[SPARK-40012][PYTHON][DOCS][WIP] Make pyspark.sql.dataframe examples self-contained
What changes were proposed in this pull request?
This PR proposes to improve the examples in pyspark.sql.dataframe by making each example self-contained with more realistic examples
Why are the changes needed?
To make the documentation more readable and able to copy and paste directly in PySpark shell.
Does this PR introduce any user-facing change?
Yes, Documentation changes only
How was this patch tested?
Built documentation on local
I set the tag [WIP] because dataframe.py needs a lot of updates. I will add some additional changes to this PR in the upcoming days.
Please review and provide some feedback. Thanks
Can one of the admins verify this patch?
@Transurgeon is this still WIP? If there are too many to fix, feel free to split into multiple PRs.
@HyukjinKwon.
No not WIP anymore, I wanted to get some feedback to see if I was making good changes before I continue working on it.

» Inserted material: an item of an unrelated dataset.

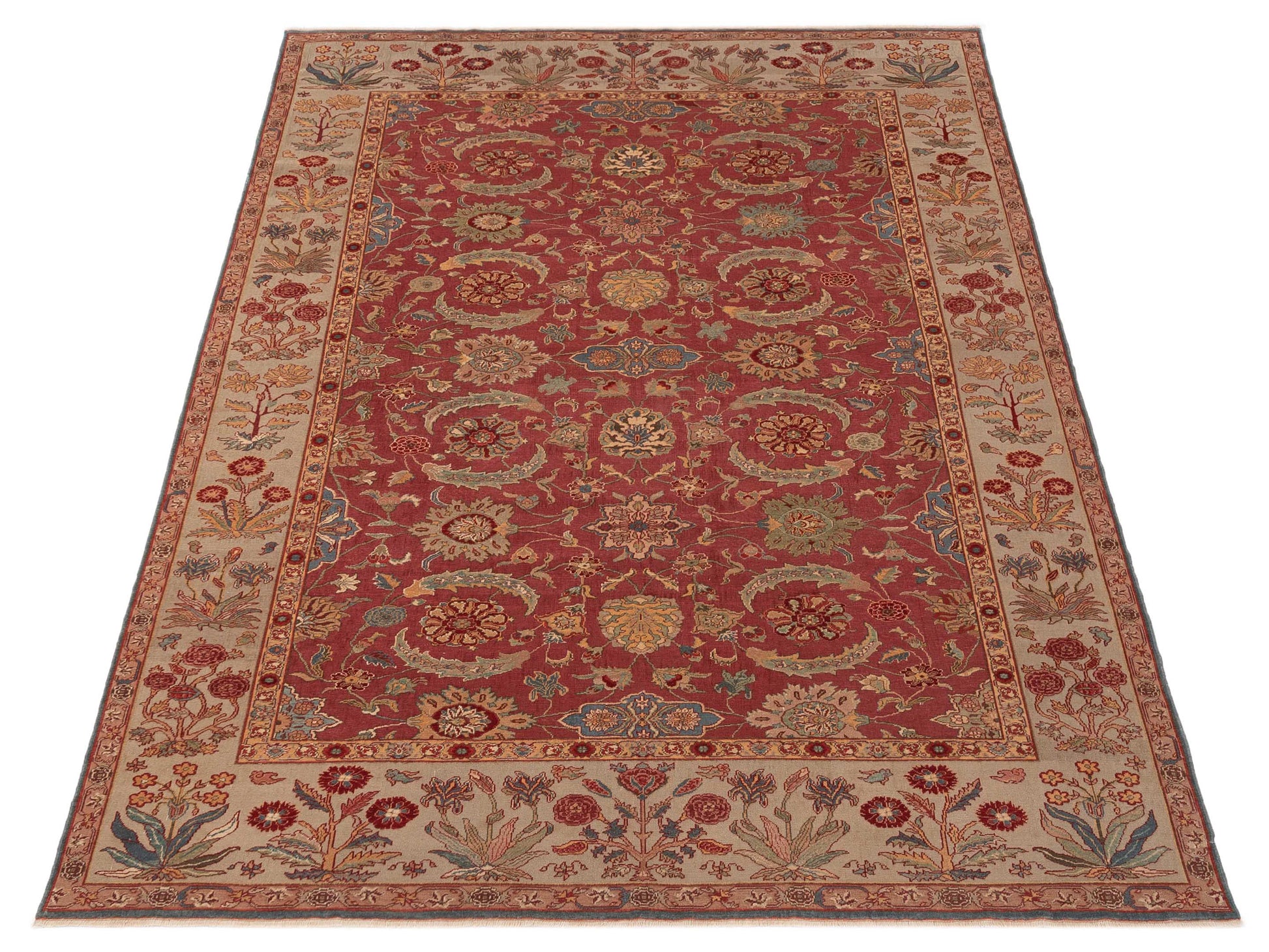 Antiqua Loom Red Cream 9.4x13.3 Hand Knotted Rug

Should I remove the WIP tag?
@HyukjinKwon I made some additional changes. I think we can start by merging this PR, then I will make another one for the rest of the changes.
I have a list of all the functions I made changes to in this PR, should I add it to the JIRA ticket to avoid duplicate changes?

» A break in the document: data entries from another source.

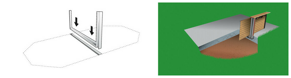 Attention à faire une réservation dans la dalle béton : L 10 x P 18 cm. pour encastrer la base du berceau métallique.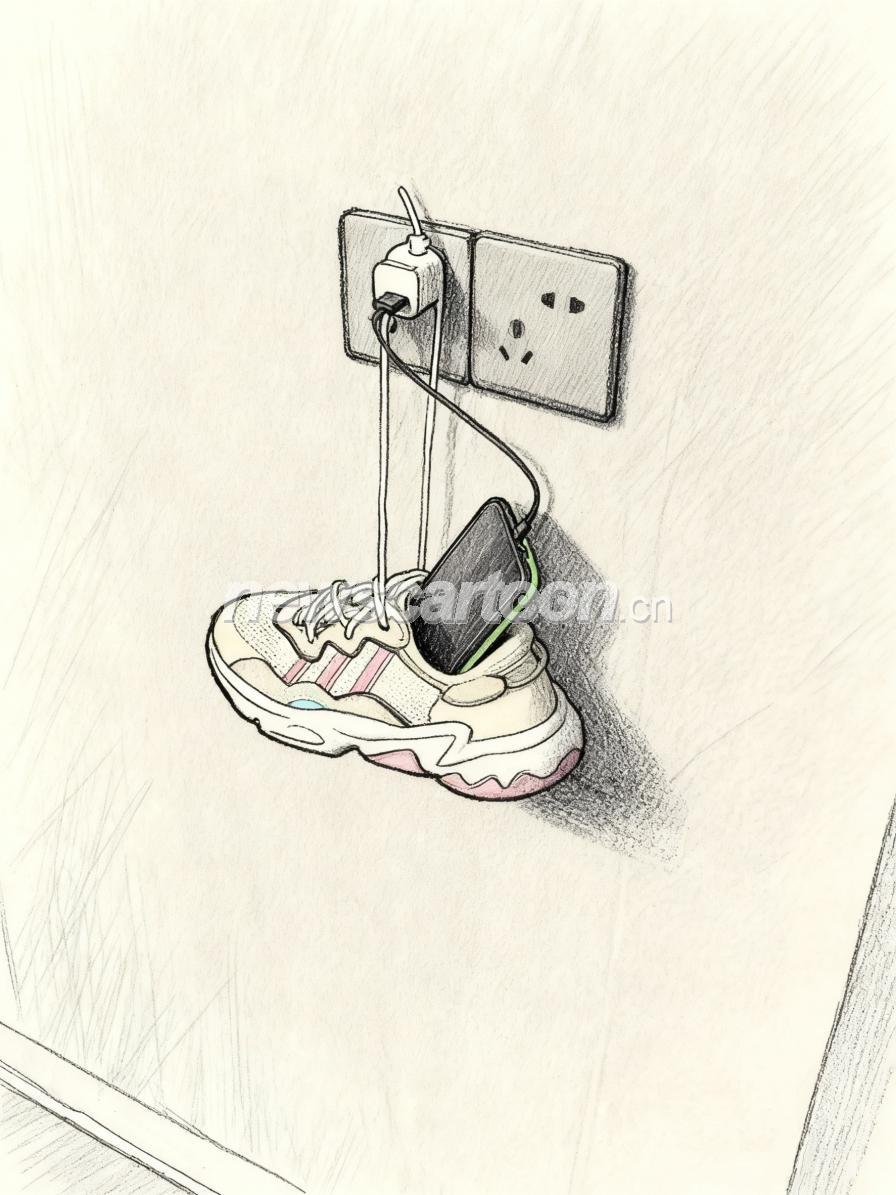 在数据线不够长的情况下,通过一只鞋就可以完美解决手机充电问题。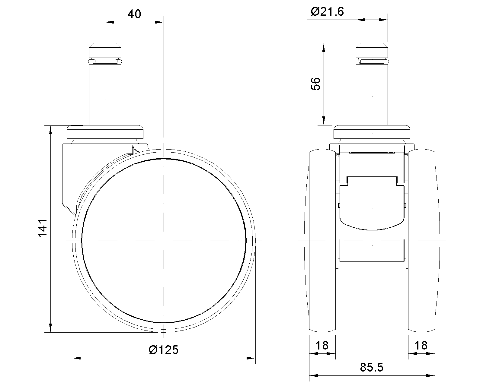 Actuable Casters, mortise-and-tenon Stamping Fork—Ø21.6x56L White legs made of polyamide reinforced material Rust-proof, Corrosion resistant, Attractive appearance, Economical, and allows for smooth rotation High-Quality Impact-Resistant Polypropylene Wheel Center, High-Quality Reinforced Polypropylene Rubber (TPR) Wheel Tread Dark gray, Bearing—Ball Bearings |

I think you can reuse the same JIRA, and make a followup.
We should make the tests passed before merging it in (https://github.com/Transurgeon/spark/runs/7981691501).
cc @dcoliversun @khalidmammadov FYI if you guys find some time to review, and work on the rest of API.

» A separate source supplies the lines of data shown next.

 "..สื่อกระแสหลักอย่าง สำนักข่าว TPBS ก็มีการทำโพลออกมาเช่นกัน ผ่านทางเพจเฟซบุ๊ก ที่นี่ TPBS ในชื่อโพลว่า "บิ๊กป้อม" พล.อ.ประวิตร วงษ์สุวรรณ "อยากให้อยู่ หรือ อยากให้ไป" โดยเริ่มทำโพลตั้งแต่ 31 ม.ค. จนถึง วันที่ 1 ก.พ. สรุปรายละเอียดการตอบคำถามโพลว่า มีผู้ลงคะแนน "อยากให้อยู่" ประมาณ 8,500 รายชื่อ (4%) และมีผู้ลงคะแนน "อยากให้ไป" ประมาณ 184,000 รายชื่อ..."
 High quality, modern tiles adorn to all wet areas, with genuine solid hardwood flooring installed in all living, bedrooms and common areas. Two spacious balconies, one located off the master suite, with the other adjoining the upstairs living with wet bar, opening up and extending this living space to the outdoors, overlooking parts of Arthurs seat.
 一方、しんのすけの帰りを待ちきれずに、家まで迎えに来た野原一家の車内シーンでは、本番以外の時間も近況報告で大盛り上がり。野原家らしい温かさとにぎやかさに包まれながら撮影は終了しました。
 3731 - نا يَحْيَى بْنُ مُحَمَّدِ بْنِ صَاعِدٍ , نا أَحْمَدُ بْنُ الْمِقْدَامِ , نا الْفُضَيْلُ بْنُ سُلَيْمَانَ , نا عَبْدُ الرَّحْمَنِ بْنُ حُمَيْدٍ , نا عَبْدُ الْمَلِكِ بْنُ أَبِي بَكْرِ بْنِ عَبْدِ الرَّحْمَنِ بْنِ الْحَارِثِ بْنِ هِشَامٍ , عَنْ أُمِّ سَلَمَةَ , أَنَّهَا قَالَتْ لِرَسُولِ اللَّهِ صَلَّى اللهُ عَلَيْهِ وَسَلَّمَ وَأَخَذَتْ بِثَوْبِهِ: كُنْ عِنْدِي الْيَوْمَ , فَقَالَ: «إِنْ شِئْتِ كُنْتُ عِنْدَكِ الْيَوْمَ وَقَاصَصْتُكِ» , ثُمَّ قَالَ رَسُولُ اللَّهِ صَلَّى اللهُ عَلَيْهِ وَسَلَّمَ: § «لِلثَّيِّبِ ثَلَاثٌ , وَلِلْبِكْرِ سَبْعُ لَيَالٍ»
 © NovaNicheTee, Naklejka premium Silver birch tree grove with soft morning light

@Transurgeon Hi. Look like that CI is disabled in your fork repo.
Maybe the doc can help you :)
Im gonna take this over if the PR author gets inactive few more days - this is the last task left for the umbrella task.
Hi Hyukjin and Oliver, thanks all for your feedback.
I have created a commit with all your suggestions and allowed all jobs to be run in git Actions for my fork.
I will make one last commit for further minor changes.
Hey, let's co-author this change. I will create another PR on the top of this PR to speed this up.